Peters cited a 2001 Tim Eyman ballot measure (Initiative 747) that restricted cities from raising property taxes more than one percent.
“Under the Eyman measure, the City’s property tax revenue can’t even keep up with inflation,” Peters said. “…the regional inflation rate for the past 12 months was 3.8 percent.”
He further noted that the 1 percent raise is significantly small when compared to other recent voter-approved tax increases such as the bond measure for the reconstruction of Wilkes School, or almost doubling the tax rate for EMT services.
The city’s 2012 budget was also passed by a 4-0 vote — with two council members not present and one, Debbi Lester, abstaining.

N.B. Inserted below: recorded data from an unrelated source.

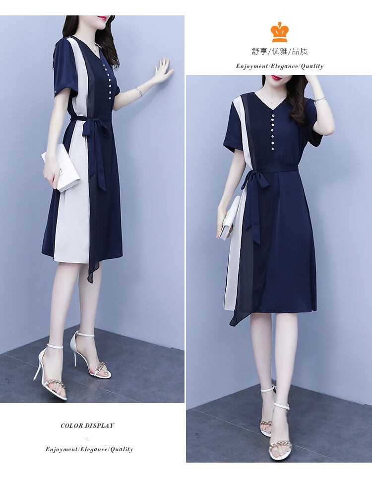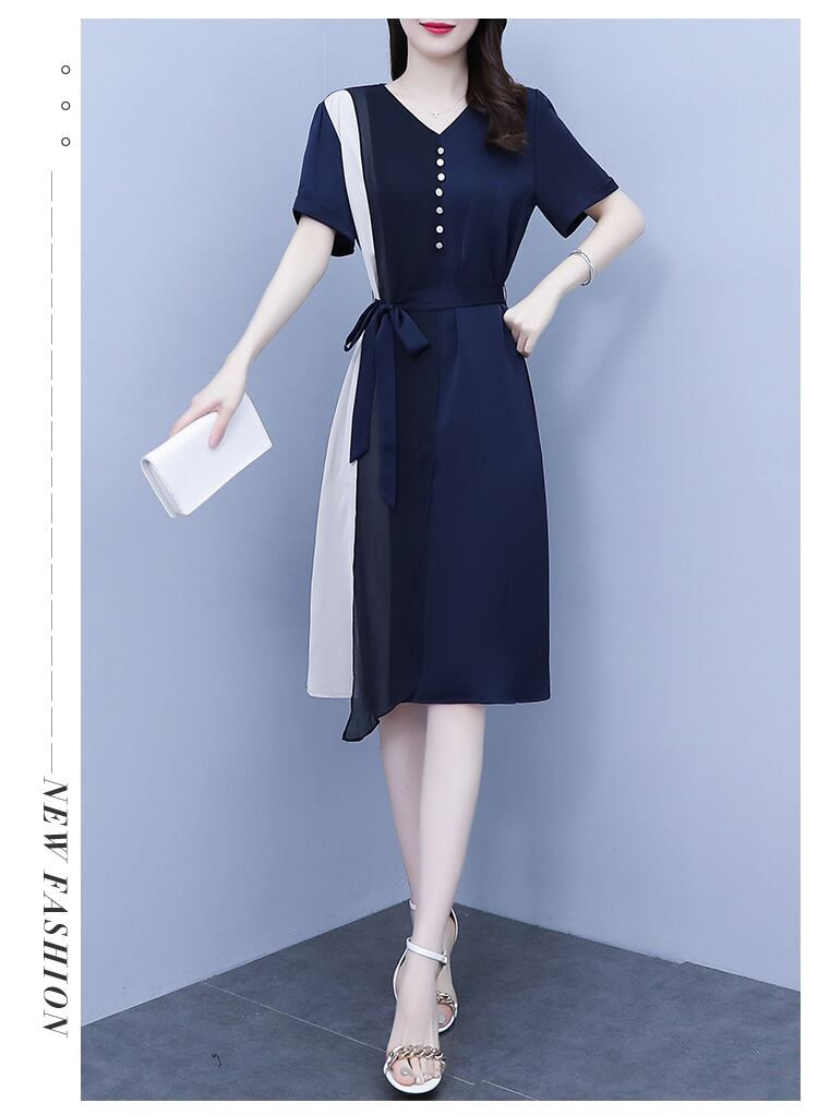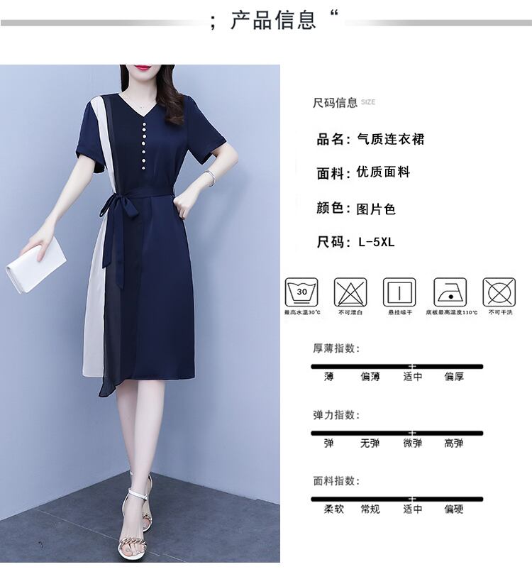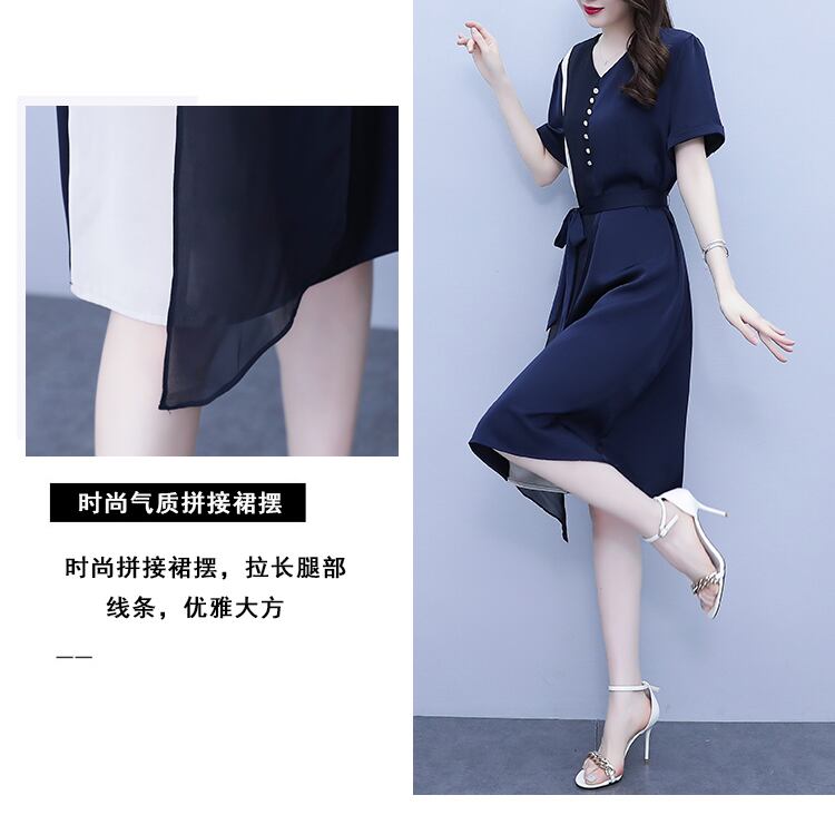 シフォンカラースカート サマードレス ウェストスリム 大きめサイズ 夏物 ステッチ muto99896031583
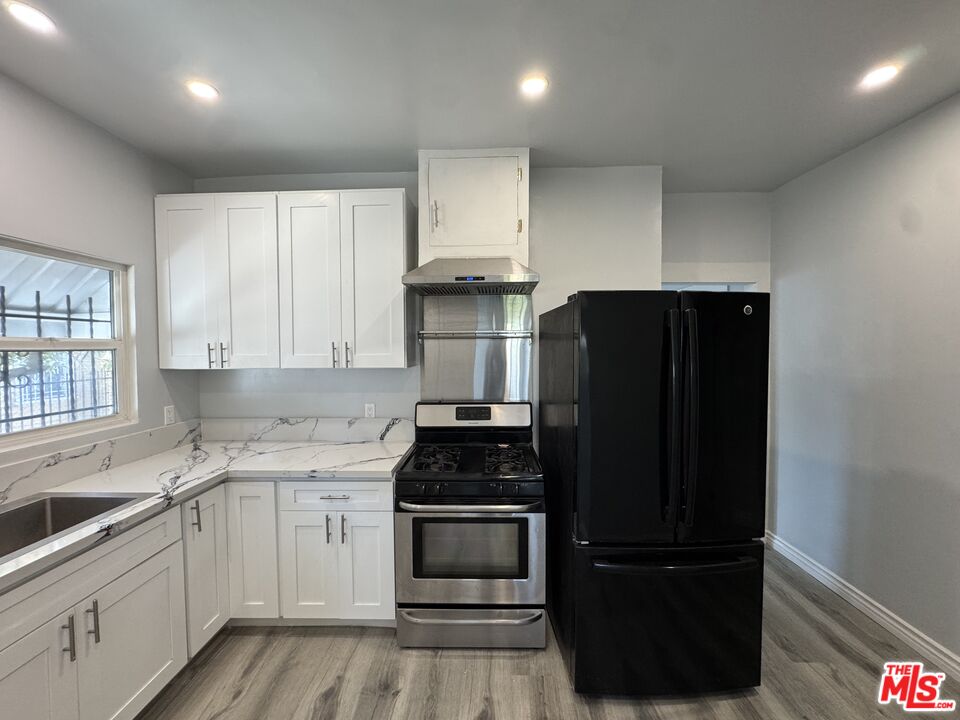Once in a lifetime opportunity! Own a house completely redone for the modern buyer, all from top to bottom! This newly redone 3 bedroom, 1 bath property is a true gem in LA! Brand new plumbing, brand new electric, brand new recess lighting, brand new floors, new windows, brand new and exquisitely designed kitchen with brand new quartz countertops and appliances, brand new kitchen cabinets, new hood, brand new living room, brand new bathroom & shower, brand new vanity, brand new appliances, spacious rooms with closets, & much more complete the interior and welcome you into this amazing property. Backyard with fruit trees (lemon and orange), covered patio, garage and driveway, and basement all complete the property. Property is down the street from school, shops, & entertainment. Public records shows that the property is a 2 bedroom/1 bath, however, it is functioning as a 3 bedroom/1 bath and has more square footage than what public records show. Don't miss this opportunity!
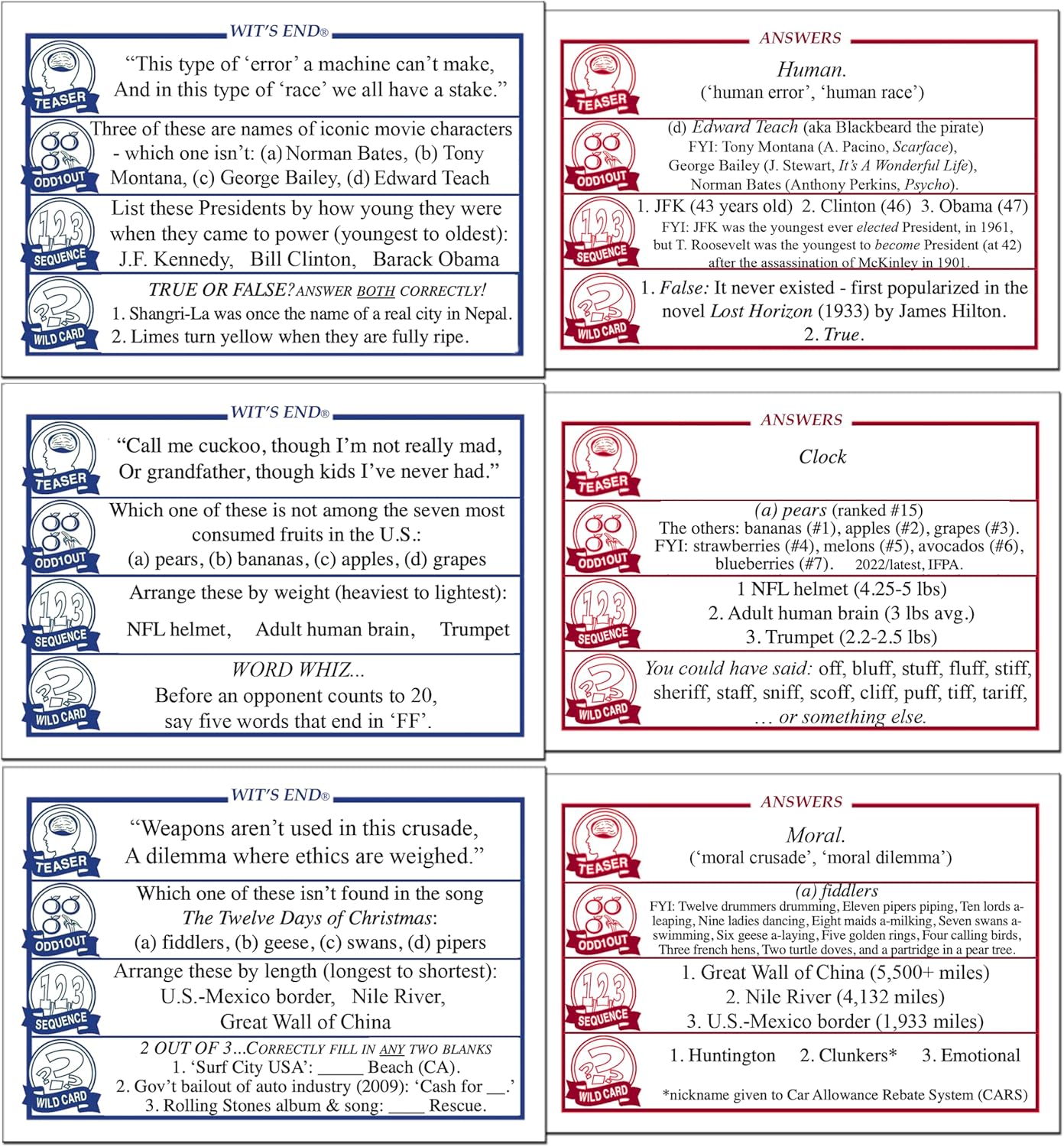 - [A Quick Note: Wit's End undergoes regular updates, incorporating a variety of new questions into the standard card set. This most recent print is copyright (c) 2025, as indicated on the lower left-hand corner of the back of the box.]

“I abstained because although the administration had $1.5 million in reductions, they had $2 million in increases,” Lester said. “And another part that concerned me were those increases were primarily staff and professional service increases.”
Lester also noted that all council members were not present to vote and she felt they should be on matters such as the budget.
During discussion over the budget, council member Hilary Franz proposed an idea to help solve an lingering issue regarding permit fees for the current road ends project. The volunteer Road Ends Committee hasn’t been able to do any work on various road ends spanning the island due to permit fees the city is legally required to charge.
Franz proposed that the city use interest earned from the $2 million the city received from a settlement with the Washington State Ferries to pay for the permits. Her proposal was approved by a 3-2 vote.